Demir dijo que Character.AI ha tratado de dejar en claro que los usuarios no reciben asesoramiento médico cuando hablan con chatbots. “Los personajes creados por los usuarios en nuestro sitio son ficticios, están destinados al entretenimiento y hemos tomado medidas firmes para dejarlo claro”. La compañía también destacó su asociaciones con los servicios de asistencia de salud mental Throughline y Koko para apoyar a los usuarios.

Mira esto: Conozca a Ami, el alma gemela de la IA para el trabajador remoto solitario ¿Podría Ami ser su alma gemela de la IA?

Character.AI está lejos de ser la única empresa de inteligencia artificial que enfrenta un escrutinio por los impactos de sus chatbots en la salud mental. OpenAI tiene sido demandado por familias de personas que murieron por suicidio después de interactuar con su extremadamente popular ChatGPT. La compañía agregó controles parentales y tomó otras medidas en un intento de reforzar las barreras para las conversaciones que involucran salud mental o autolesiones.

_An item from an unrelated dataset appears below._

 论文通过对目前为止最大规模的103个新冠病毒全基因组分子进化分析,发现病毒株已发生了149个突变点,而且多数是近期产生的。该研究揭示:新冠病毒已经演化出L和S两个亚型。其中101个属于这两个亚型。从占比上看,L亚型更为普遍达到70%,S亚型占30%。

(Divulgación: Ziff Davis, la empresa matriz de CNET, presentó en abril una demanda contra OpenAI, alegando que infringió los derechos de autor de Ziff Davis al entrenar y operar sus sistemas de IA).

Los autores del informe dijeron que las empresas de IA deben hacer más, incluso recomendar una mayor transparencia por parte de las empresas y legislación eso garantizaría que realicen pruebas de seguridad adecuadas y enfrentarían responsabilidad si no protegen a los usuarios.

“Las empresas detrás de estos chatbots han fracasado repetidamente en controlar la naturaleza manipuladora de sus productos”, dijo en un comunicado Ben Winters, director de IA y Privacidad de Datos de la CFA. “Estos resultados preocupantes y constantes violaciones de la privacidad deberían inspirar cada vez más medidas por parte de los reguladores y legisladores de todo el país”.